The brain takes up less than like 2% of the body weight,
but may burn up to 50% of the body’s fuel,
creating a potential firestorm of free radicals.
So maybe these brain-seeking phytonutrients in berries
could fight oxidation, inflammation, and increase blood flow.
So, this raised a thought-provoking idea.
Maybe a nutritional intervention with blueberries
may be beneficial in forestalling or even reversing
the neurological changes associated with aging.
So did researchers give blueberries to people and see what happened?
No, as I noted in an earlier video, they gave blueberries to rats.
It would be a decade before the first human trial.
But it worked!
"Blueberry Supplementation Improves Memory in Older Adults"
suggesting that consistent supplementation with blueberries
may offer an approach to forestall or mitigate
brain degeneration with age.
What other blue/purple foods can we try?
Concord grape juice had a similar benefit,
improving verbal learning,
suggesting that supplementation with purple grape juice
may enhance cognitive function in older adults with early memory decline.

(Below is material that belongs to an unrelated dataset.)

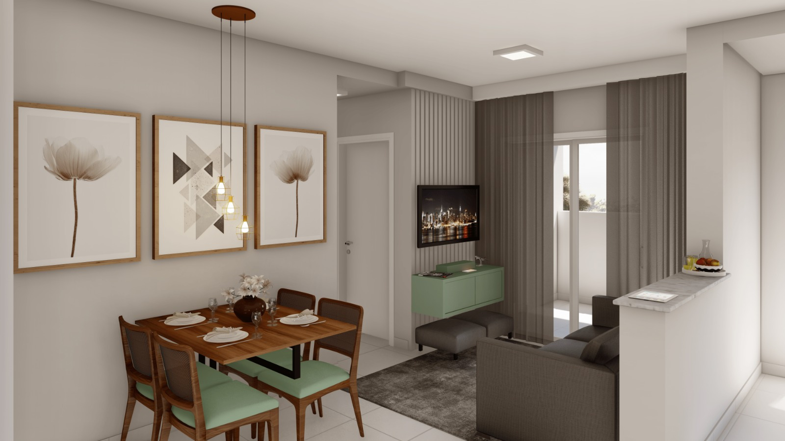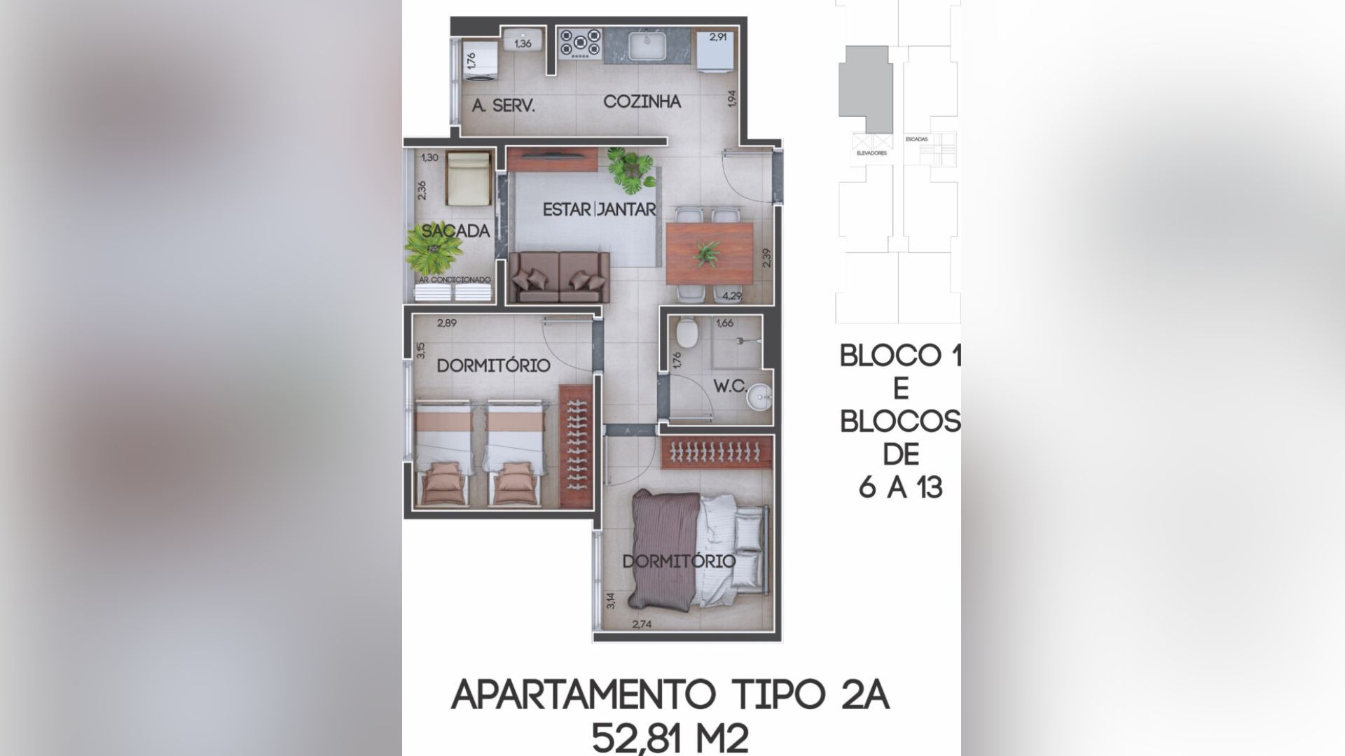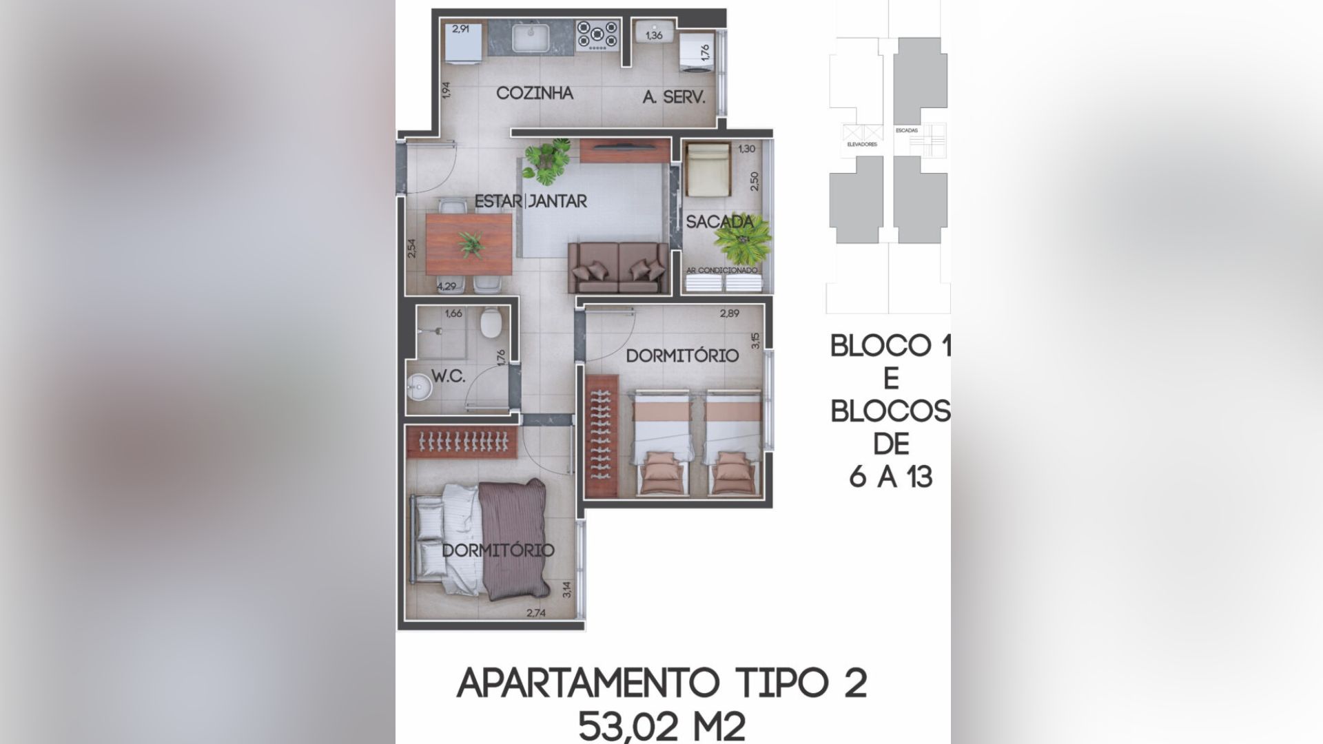 Conforme o projeto, além de dois quartos, cada apartamento terá sala de estar e de jantar conectadas, banheiro, cozinha, área de serviço e sacada. A área total das unidades varia entre 52,71 e 53,02 metros quadrados.

Why use juice and not whole concord grapes?
Because then you couldn’t design a placebo
that looked and tasted exactly the same
to rule out the very real and powerful placebo effect.
And also, because it was funded by the Welch’s grape juice company.

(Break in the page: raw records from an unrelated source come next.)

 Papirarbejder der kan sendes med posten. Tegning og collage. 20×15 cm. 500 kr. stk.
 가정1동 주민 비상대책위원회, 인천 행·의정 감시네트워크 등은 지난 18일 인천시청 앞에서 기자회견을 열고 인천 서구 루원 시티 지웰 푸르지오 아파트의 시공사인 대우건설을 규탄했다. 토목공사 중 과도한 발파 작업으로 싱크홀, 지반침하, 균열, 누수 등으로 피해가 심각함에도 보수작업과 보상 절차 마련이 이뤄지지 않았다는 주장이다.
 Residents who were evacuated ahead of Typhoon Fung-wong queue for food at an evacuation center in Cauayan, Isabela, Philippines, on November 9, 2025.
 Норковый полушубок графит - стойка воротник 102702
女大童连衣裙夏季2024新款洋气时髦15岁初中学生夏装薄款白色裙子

This effect was confirmed in a follow-up study ,
showing for the first time an increase in neural activation
in parts of the brain associated with memory using functional MRI scans.
But this brain scan study was tiny, just 4 people in each group.
And same problem in the blueberry study –
it just had 9 people in it.
Why haven’t large population-based studies been done?
Because we haven’t had good databases
on where these phytonutrients are found.
We know how much vitamin C is in a blueberry,
but not how much anthocyanidin, ...until now.
The Harvard Nurse’s Health Study
followed the cognitive function of more than 16,000 women for years,
and found that higher, long-term consumption of berries
was associated with significantly slower rates of cognitive decline
in this cohort of older women,
even after careful consideration of confounding by socioeconomic status,
meaning even after taking into account the fact that rich people eat more berries.
The first population-based evidence that greater intakes
of blueberries and strawberries were highly associated
with slower rates of cognitive decline,
and not just by a little bit.
The magnitude of associations were equivalent
to the cognitive differences that one might observe
in women up to 2 and a half years apart in age.
In other words, women with higher intake of berries
appeared to have delayed cognitive aging by as much as 2 1/2 years.
Why not just take some kind of anthocyanidin supplement?
Because there hasn’t been a single study that found any kind of cognitive benefit
just giving these single phytonutrients. In fact the opposite.
Whole blueberries appear to be more effective than individual components,
showing that the whole is greater than the sum of its parts.
These findings potentially have substantial public health implications,
as increasing berry intake represents a fairly simple dietary modification
to test in older adults for maintaining brain function.